ちょっと気になったことがあるので、書きとめておきます。
以前、論子午流注法その1で『千金方(せんきんほう)』に陰経の原穴について紹介しましたが、このことが気になったので、実際に『千金方』を見てみました。

『千金方』というのは唐の孫 思邈(そん しばく)の著作で、『備急千金要方(びきゅうせんきんようほう)』と『千金翼方(せんきんよくほう)』の総称らしいです。僕は今まで『千金方』は『備急千金要方』の略称かと思っていました。

さて原穴に関する該当の記事は、
『孫眞人備急千金要方』 巻之八十八
鍼灸方 五臓六腑變化傍通訣第四 五臓の脉で
湧泉
中衝
(此れ心包經
心經は少衝を出でる)
大敦
少商
隠白
然谷
勞宮
(心經は少府を流れる)
行間
魚際
大都
大谿
大陵
(心經は神門を流れる)
大衝
大泉
太白
水泉
内關
(心經は通里を過ぎる)
中封
列缺
公孫
伏留
間使
(心經は靈道を行ぎる)
中都
經渠
商丘
隂谷
曲澤
(心經は少海を入る)
曲泉
尺澤
隂陵泉


となっていました。

この表は水行・火行・木行・金行・土行の順番に並んでいます。おそらく数字の五行を意識してのことでしょう。

表中の大泉とは太淵、伏留は復溜の別名です。
中衝の(此れ心包經 心經は少衝を出でる)は原書では隠白の註なのですが、隠白は脾経で心包経とは関係無いので中衝に移動させました。

出は井穴、流は栄穴、注は兪穴、過は原穴、行は経穴、入は合穴を表しています。

通常、陰経における兪穴は原穴と一緒であるはずなのにここでは原穴と兪穴が別のものとなっていますが、その説明となるような文章は載っていませんでした。

ここでの原穴とは、
腎経……水泉(郄穴)
心包経…内關(絡穴)
心経……通里(絡穴)
肝経……中封(経金穴) 中都(郄穴)
肺経……列缺(絡穴)
脾経……公孫(絡穴)

となっていますが、肝経の中封は経金穴。
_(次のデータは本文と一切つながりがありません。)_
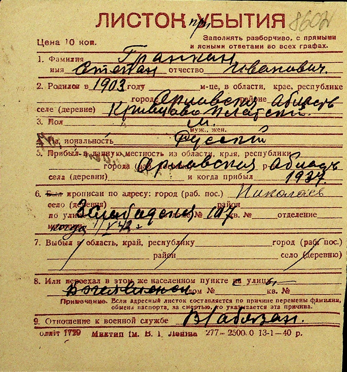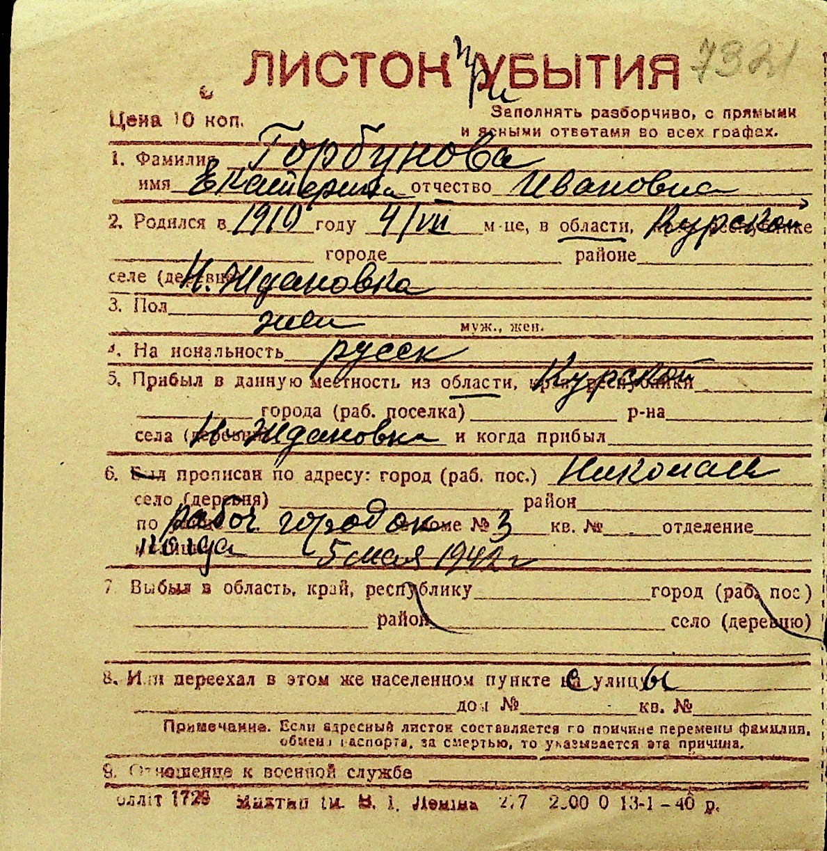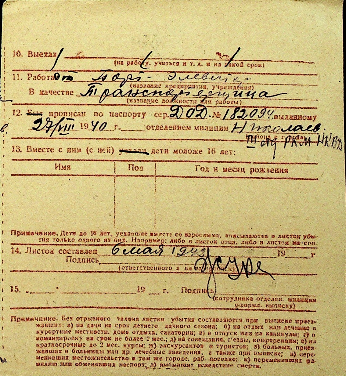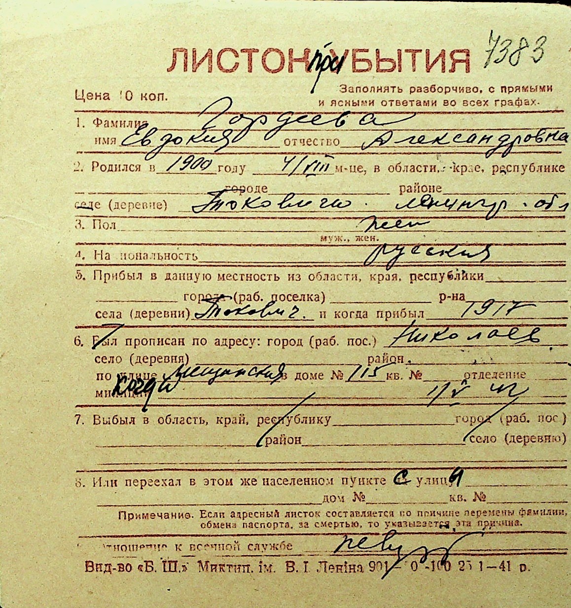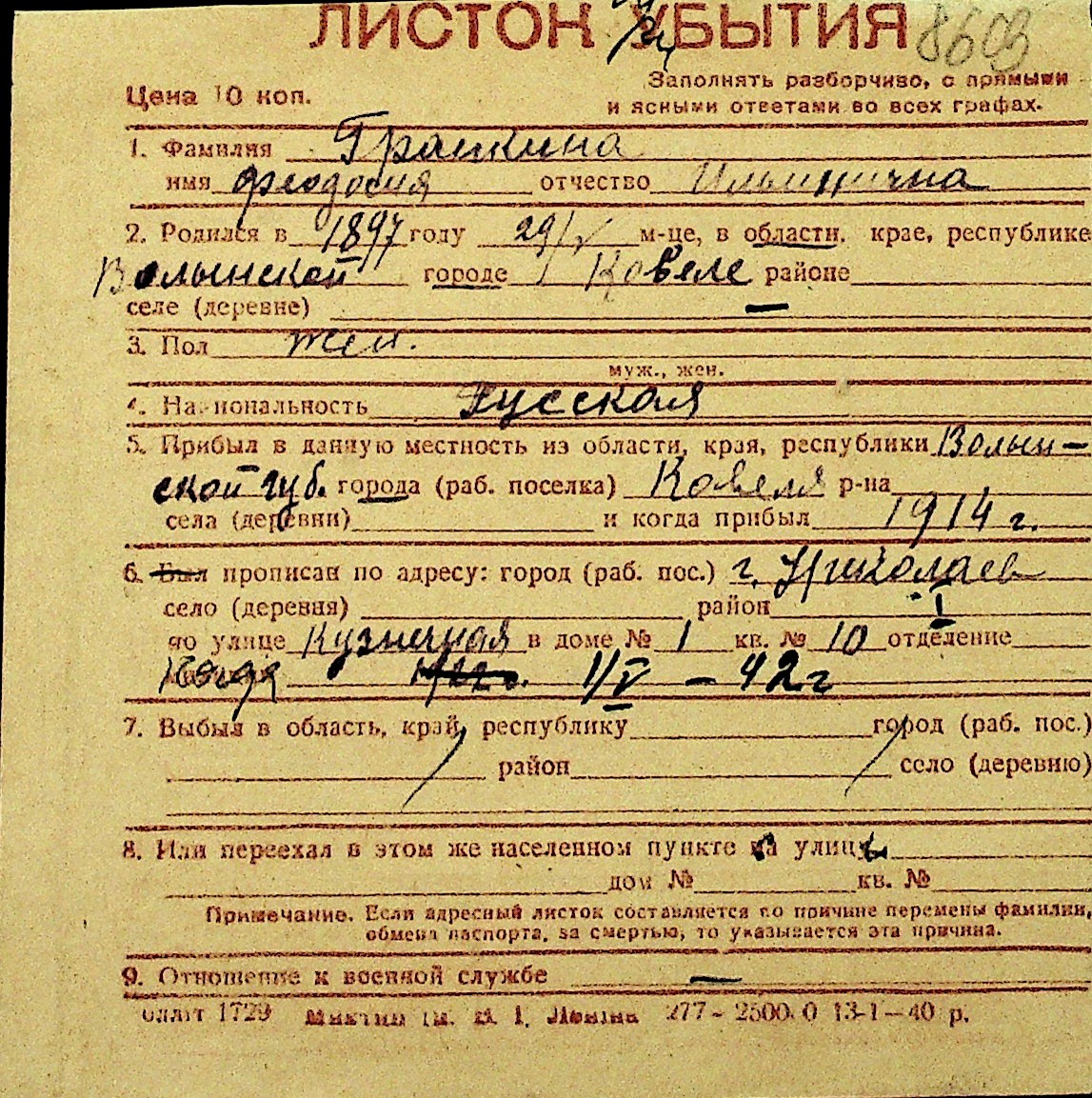 • • Перелік карток до фонду № Н-1016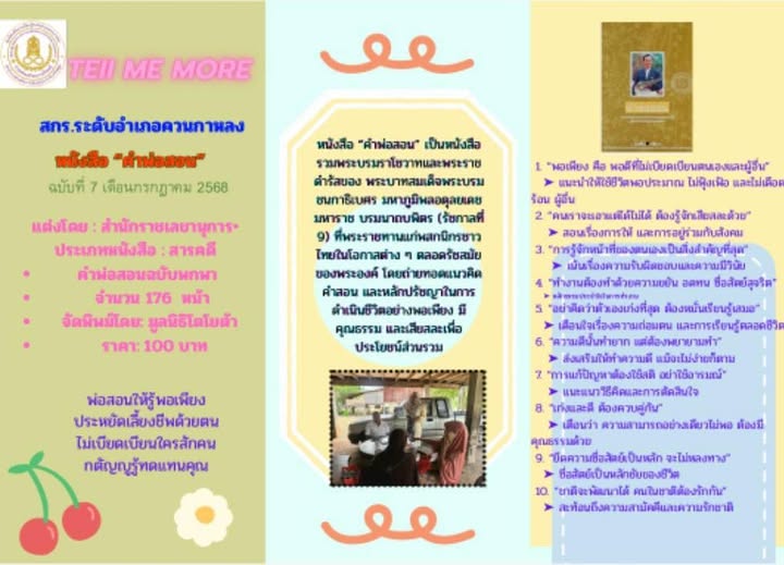 ¹ÒÂÍÒ´Ó ÅÔ§ÒÅÒËì ¼ÙéÍӹǡÒÃÈÙ¹ÂìÊè§àÊÃÔÁ¡ÒÃàÃÕ¹ÃÙéÃдѺÍÓàÀÍ·èÒá¾ ÃÑ¡ÉÒ¡ÒÃã¹µÓá˹觼ÙéÍӹǡÒÃÈÙ¹ÂìÊè§àÊÃÔÁ¡ÒÃàÃÕ¹ÃÙéÃдѺÍÓàÀͤǹ¡ÒËŧ ÁͺËÁÒÂãËé §Ò¹¨Ñ´¡ÒÃàÃÕ¹ÃÙéµÅÍ´ªÕÇÔµ ´Óà¹Ô¹¡ÒèѴ¡Ô¨¡ÃÃÁ Êè§àÊÃÔÁ¡ÒÃÇÔà¤ÃÒÐËì áÅСÒÃÍèÒ¹ÍÂèÒ§à»ç¹¡Ãкǹ¡Òà â´Â¼ÙéºÃÔËÒÃáÅФÃÙà»ç¹µé¹áºº ÀÒÂãµé¡Ô¨¡ÃÃÁ ''''Tell me more" â´Â¡Ó˹´ãËéºØ¤Åҡ÷ҧ¡ÒÃÈÖ¡ÉÒ Íèҹ˹ѧÊ×͵ÒÁ¤ÇÒÁʹ㨠à¾×èÍÊè§àÊÃÔÁãËé¤ÃÙáÅкؤÅҡ÷ҧ¡ÒÃÈÖ¡ÉÒ ÁÕ·Ñ¡ÉÐ㹡ÒÃáÊǧËÒ¤ÇÒÁÃÙé à¾×è͹Óä»à»ç¹áººÍÂèÒ§á¡è¼ÙéàÃÕ¹ "Íèҹ˹ѧÊ×͵ÒÁ¤ÇÒÁʹ㨠ÍÂèÒ§¹éÍÂà´×͹ÅÐ 1 àÅèÁ áÅÐÊÃØ»à¹×éÍËÒ·ÕèÍèÒ¹â´Â·Óà»ç¹ºÃóҹԷÑȹì"³ ËéͧÊÁØ´»ÃЪҪ¹ÍÓàÀͤǹ¡ÒËŧ ¨Ñ§ËÇѴʵÙÅ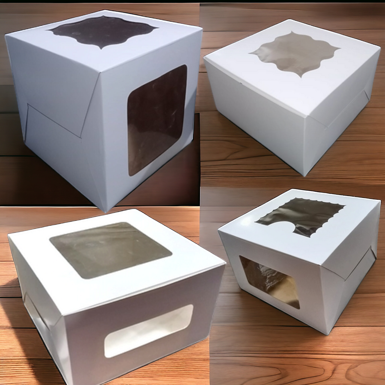 Sleek Design: A white cardboard cake box with a see-through window that enhances product visibility and appeal.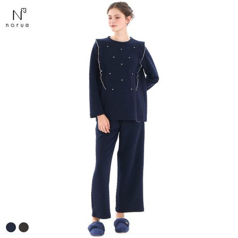 【送料無料】 ナルエー パジャマ 裏綿接結(綿入り)ハートジャガードフリルパジャマ セットアップ 上下セット ルームウェア 長袖 Narue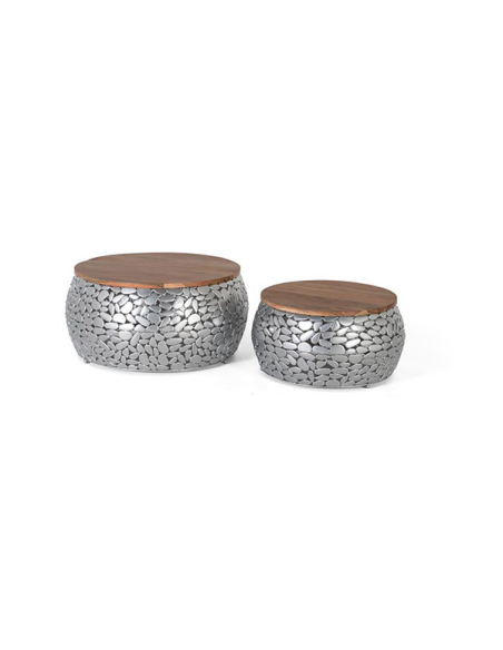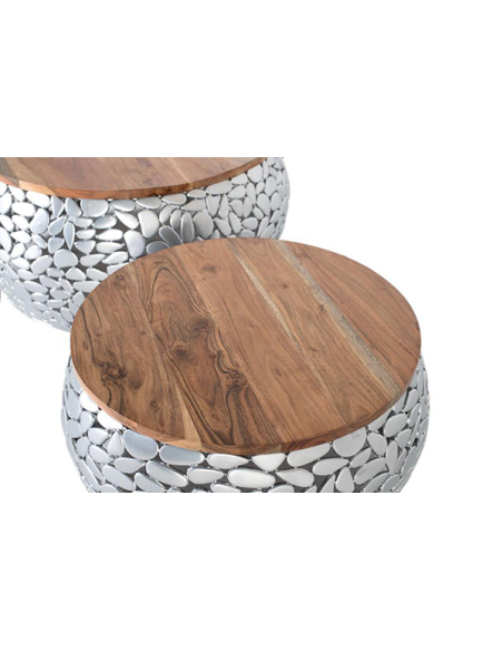 Set de 2 mesas de centro mango y aluminio

おそらく過と行を間違えて書いているものと思われます。

またこの表の大元であろう記述では、

『孫眞人備急千金要方』 巻之八十八
鍼灸方 三隂三陽流注法 第二上 手三隂三關穴流注の法
鍼灸方 三隂三陽流注法 第二下 足三隂三關穴流注の法

にありました。

凡そ孔穴は、
出る所を井と為す。
流るる所を榮と為す。
注ぐ所を輸と為す。
過ぎる所を源と為す。
行る所を經と為す。
入る所を合と為す。

灸刺の大法は
春に滎を取る。
夏に輸を取る。
季夏に經を取る。
秋に合を取る。
冬に井を取る。


少商に出(い)でて井と為す。
手の太隂の脉なり。
魚際に流れて滎と為す。
大泉に注ぎて輸と為す。
列缺に過(よ)ぎりて源と為す。
經渠に行(め)ぐりて經と為す。
尺澤に入(い)りて合と為す。


中衝に出でて井と為す。
心包絡の脉なり。
勞宮に流れて滎と為す。
大陵に注ぎて輸と為す。
內關に過ぎりて源と為す。
間使に行ぐりて經と為す。
曲澤に入りて合と為す。


少衝に出でて井と為す。
手の少隂の脉なり。
少府に流れて滎と為す。
神門に注ぎて輸と為す。
通里に過ぎりて源と為す。
靈道に行ぐりて經と為す。
少海に入りて合と為す。


隱白に出でて井と為す。
足の太陰の脉なり。
大都に流れて滎と為す。
太白に注ぎて輸と為す。
公孫に過ぎりて源と為す。
商丘に行ぐりて經と為す。
陰陵泉に入りて合と為す。


大敦に出でて井と為す。
足の厥隂の脉なり。
行間に流れて滎と為す。
太衝に注ぎて輸と為す。
中封に過ぎりて源と為す。
中都に行ぐりて經と為す。
曲泉に入りて合と為す。


涌泉に出でて井と為す。
足の少隂の脉なり。
然谷に流れて滎と為す。
太溪に注ぎて輸と為す。
水泉に過ぎりて源と為す。
伏留に行ぐりて經と為す。
隂谷に入りて合と為す。

とあります。
他には説明がありません。

『千金翼方』でも似たような記載はありましたが、結局陰経の源穴については説明がありませんでした。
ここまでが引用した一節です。